New York, Pennsylvania and Maryland
I’ve seen the Susquehanna River in three different locations. The Glimmerglass Festival in Cooperstown, NY, where I interned in the summer of 2017, lies on the north end of Otsego Lake, which is the source of the river; a bridge 8 miles south in downtown Cooperstown touts itself as the head of the Susquehanna. As a result, I’ve seen a lot of the lake and the various streams and ponds that feed it in Springfield and the surrounding area, and even driven twice near the Susquehanna from Otsego Lake to Oneonta.
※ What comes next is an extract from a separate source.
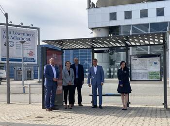 Stellten den neuen Fahrgastunterstand an der SAP-Arena vor (v.l.): Erster Bürgermeister Christian Specht, Aufsichtsratsvorsitzender MV Mannheimer Verkehr GmbH und Rhein-Neckar-Verkehr GmbH, Frauke Bank, Wall GmbH, Marcus Geithe, Geschäftsführer MV Mannheimer Verkehr GmbH, Bürgermeister Michael Grötsch, Aufsichtsratsvorsitzender der Event & Promotion Mannheim GmbH, und Christine Igel, Geschäftsführerin der Event & Promotion Mannheim GmbH.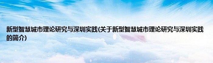 本文关于新型智慧城市理论研究与深圳实践的简介就讲解完毕,希望对大家有所帮助。

My second connection to it came when I toured Bucknell University in Lewisburg, PA (a school I ultimately did not apply to), which lies on the west side of the river’s west branch. Admittedly it’s unconnected to the main source at Otsego Lake, although to get there we also had to drive over the main branch that runs back to Cooperstown. The river is larger here, more significant,
Finally having once taken the road trip from Massachusetts to DC I’ve travelled over it on I-95 in Maryland. The river is very wide at this point as only a couple miles from the interstate bridge it drains into Chesapeake Bay going south to the Atlantic Ocean. There’s something spectacular about being able to see a river at three different points hundreds of miles away from each other. It makes me think about how small things can grow into big things, and how the power of water transcends boundaries and distances.